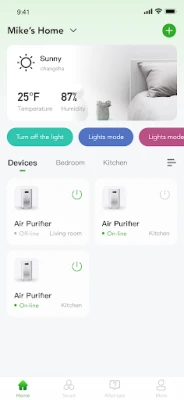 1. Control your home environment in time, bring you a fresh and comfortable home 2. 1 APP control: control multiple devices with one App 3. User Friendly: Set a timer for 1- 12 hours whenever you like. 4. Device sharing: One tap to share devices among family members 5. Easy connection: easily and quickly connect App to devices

==

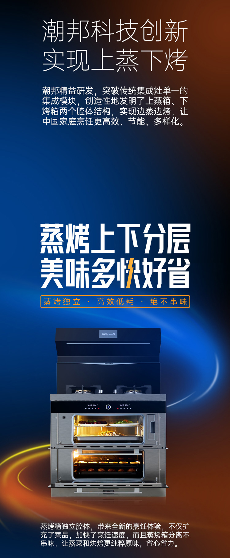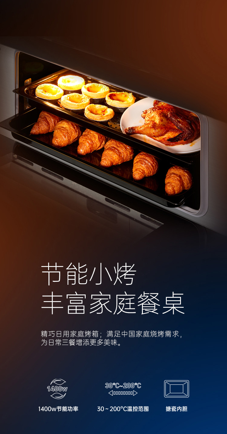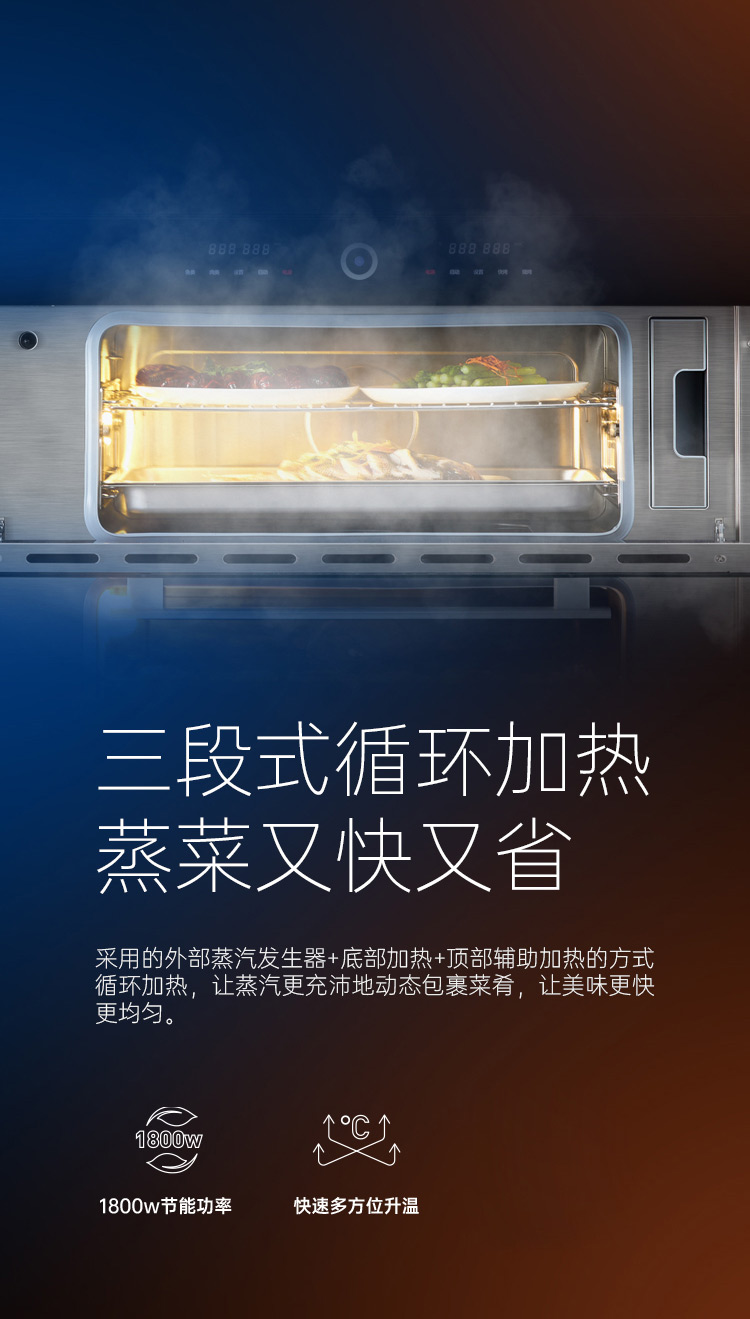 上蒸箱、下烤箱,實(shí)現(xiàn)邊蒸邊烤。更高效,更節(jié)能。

...

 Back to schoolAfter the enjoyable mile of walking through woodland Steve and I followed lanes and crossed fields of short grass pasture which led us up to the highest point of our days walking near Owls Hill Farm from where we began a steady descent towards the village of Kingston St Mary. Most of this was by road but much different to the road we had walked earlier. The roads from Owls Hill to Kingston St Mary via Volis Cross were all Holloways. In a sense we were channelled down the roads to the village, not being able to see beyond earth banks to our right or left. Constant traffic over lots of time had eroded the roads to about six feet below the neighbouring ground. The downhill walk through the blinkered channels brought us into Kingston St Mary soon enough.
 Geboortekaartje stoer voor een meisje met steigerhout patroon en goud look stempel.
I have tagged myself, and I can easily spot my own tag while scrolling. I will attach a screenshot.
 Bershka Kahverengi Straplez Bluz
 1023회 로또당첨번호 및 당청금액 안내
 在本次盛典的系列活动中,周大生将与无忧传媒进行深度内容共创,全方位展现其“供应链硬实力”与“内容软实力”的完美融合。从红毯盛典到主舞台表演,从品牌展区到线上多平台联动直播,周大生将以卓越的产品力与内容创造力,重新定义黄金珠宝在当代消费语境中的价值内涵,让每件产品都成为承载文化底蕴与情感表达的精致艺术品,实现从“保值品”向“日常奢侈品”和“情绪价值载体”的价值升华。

● **Directions**:
Print only what lies in the material above starting at the line with "Geboortekaartje stoer voor" and ending at the line with "在本次盛典的系列活动中,周大", every line exactly as given.

● **Result**:
 Geboortekaartje stoer voor een meisje met steigerhout patroon en goud look stempel.
I have tagged myself, and I can easily spot my own tag while scrolling. I will attach a screenshot.
 Bershka Kahverengi Straplez Bluz
 1023회 로또당첨번호 및 당청금액 안내
 在本次盛典的系列活动中,周大生将与无忧传媒进行深度内容共创,全方位展现其“供应链硬实力”与“内容软实力”的完美融合。从红毯盛典到主舞台表演,从品牌展区到线上多平台联动直播,周大生将以卓越的产品力与内容创造力,重新定义黄金珠宝在当代消费语境中的价值内涵,让每件产品都成为承载文化底蕴与情感表达的精致艺术品,实现从“保值品”向“日常奢侈品”和“情绪价值载体”的价值升华。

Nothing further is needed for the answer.